# ASSIGNMENT:
When you reach the line below that has "or construction exigencies.", start returning lines exactly, and stop after the line that has "Vitamin C Chewable Tablets 500mg"; skip the pictures.

# DATA TO USE:
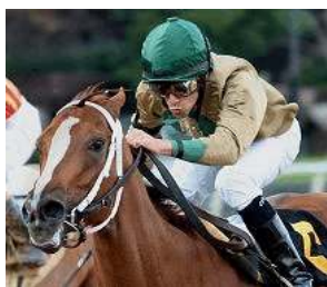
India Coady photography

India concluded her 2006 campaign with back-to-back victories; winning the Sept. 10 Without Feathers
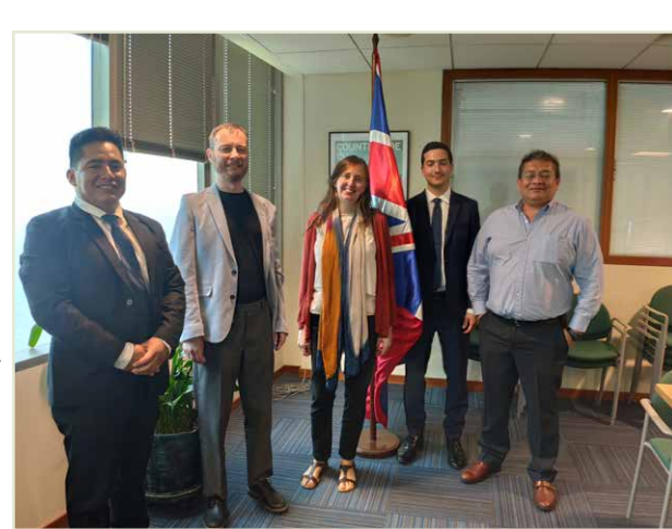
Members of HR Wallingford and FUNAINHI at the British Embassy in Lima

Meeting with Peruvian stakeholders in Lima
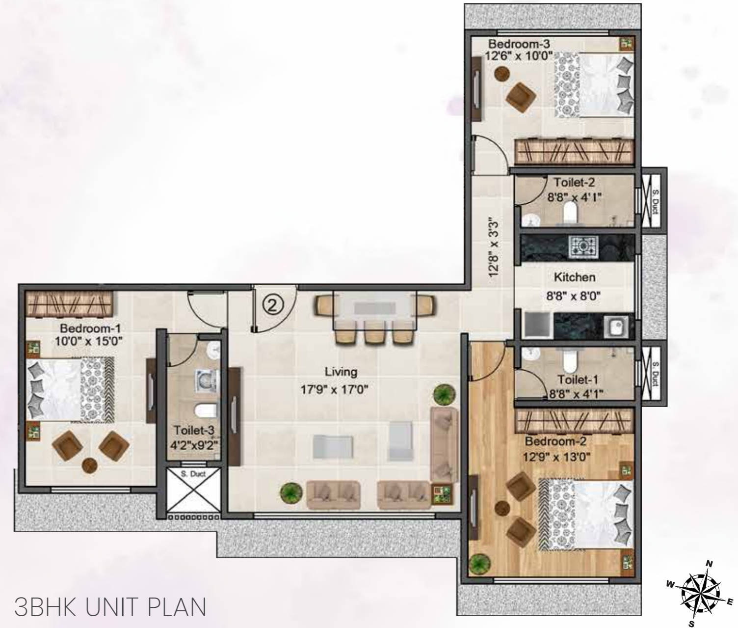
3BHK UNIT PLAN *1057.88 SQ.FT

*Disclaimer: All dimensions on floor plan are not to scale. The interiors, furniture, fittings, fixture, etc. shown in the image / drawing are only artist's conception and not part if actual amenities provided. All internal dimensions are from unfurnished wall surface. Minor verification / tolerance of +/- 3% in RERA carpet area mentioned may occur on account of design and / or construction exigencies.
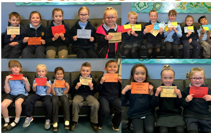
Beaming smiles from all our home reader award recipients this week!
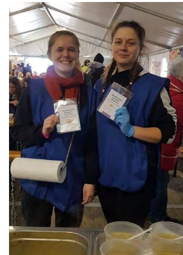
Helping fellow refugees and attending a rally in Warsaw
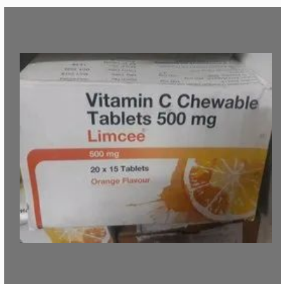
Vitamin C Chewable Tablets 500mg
---
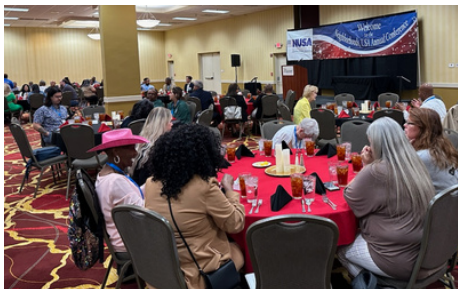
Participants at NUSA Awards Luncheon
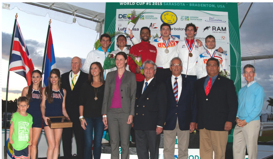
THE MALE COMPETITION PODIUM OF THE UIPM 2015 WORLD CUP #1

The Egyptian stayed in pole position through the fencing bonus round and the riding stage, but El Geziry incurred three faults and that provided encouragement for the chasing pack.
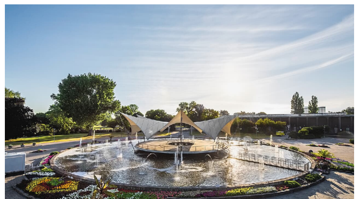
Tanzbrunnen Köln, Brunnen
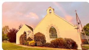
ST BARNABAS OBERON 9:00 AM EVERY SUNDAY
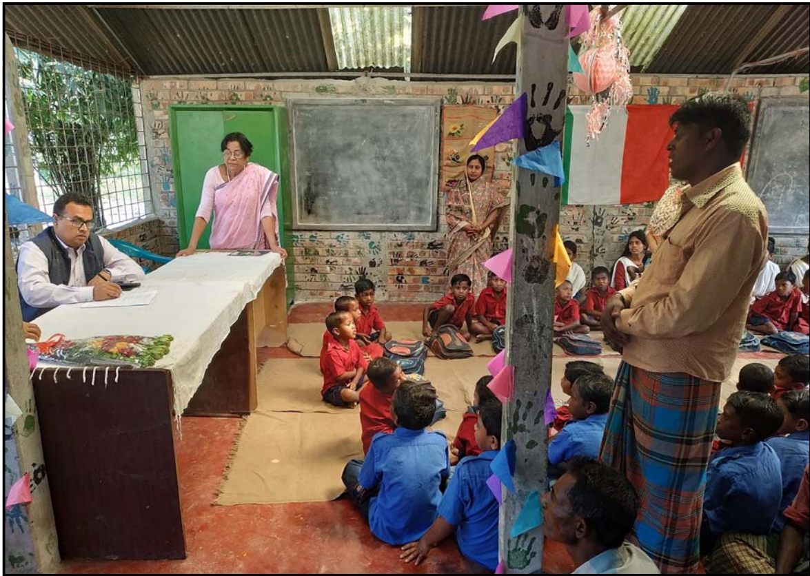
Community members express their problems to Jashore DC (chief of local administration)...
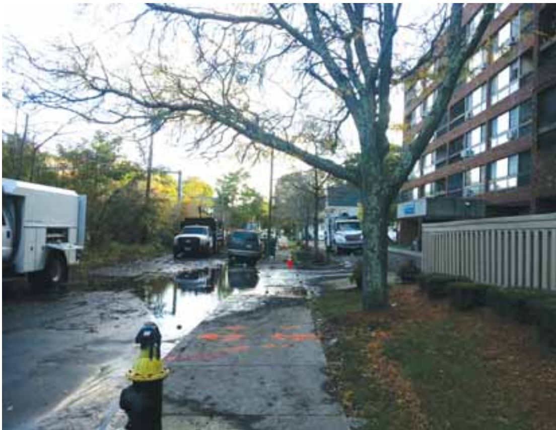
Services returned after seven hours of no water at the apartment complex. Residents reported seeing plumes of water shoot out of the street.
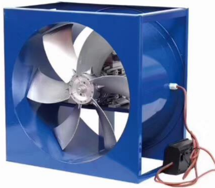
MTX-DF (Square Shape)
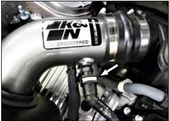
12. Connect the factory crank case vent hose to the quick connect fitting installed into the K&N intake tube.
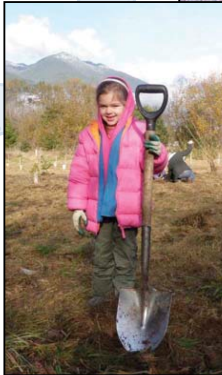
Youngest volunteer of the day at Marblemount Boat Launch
--
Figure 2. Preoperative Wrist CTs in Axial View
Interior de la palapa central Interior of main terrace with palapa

# SOLUTION FOR THIS PROBLEM:
*Disclaimer: All dimensions on floor plan are not to scale. The interiors, furniture, fittings, fixture, etc. shown in the image / drawing are only artist's conception and not part if actual amenities provided. All internal dimensions are from unfurnished wall surface. Minor verification / tolerance of +/- 3% in RERA carpet area mentioned may occur on account of design and / or construction exigencies.
Beaming smiles from all our home reader award recipients this week!
Helping fellow refugees and attending a rally in Warsaw
Vitamin C Chewable Tablets 500mg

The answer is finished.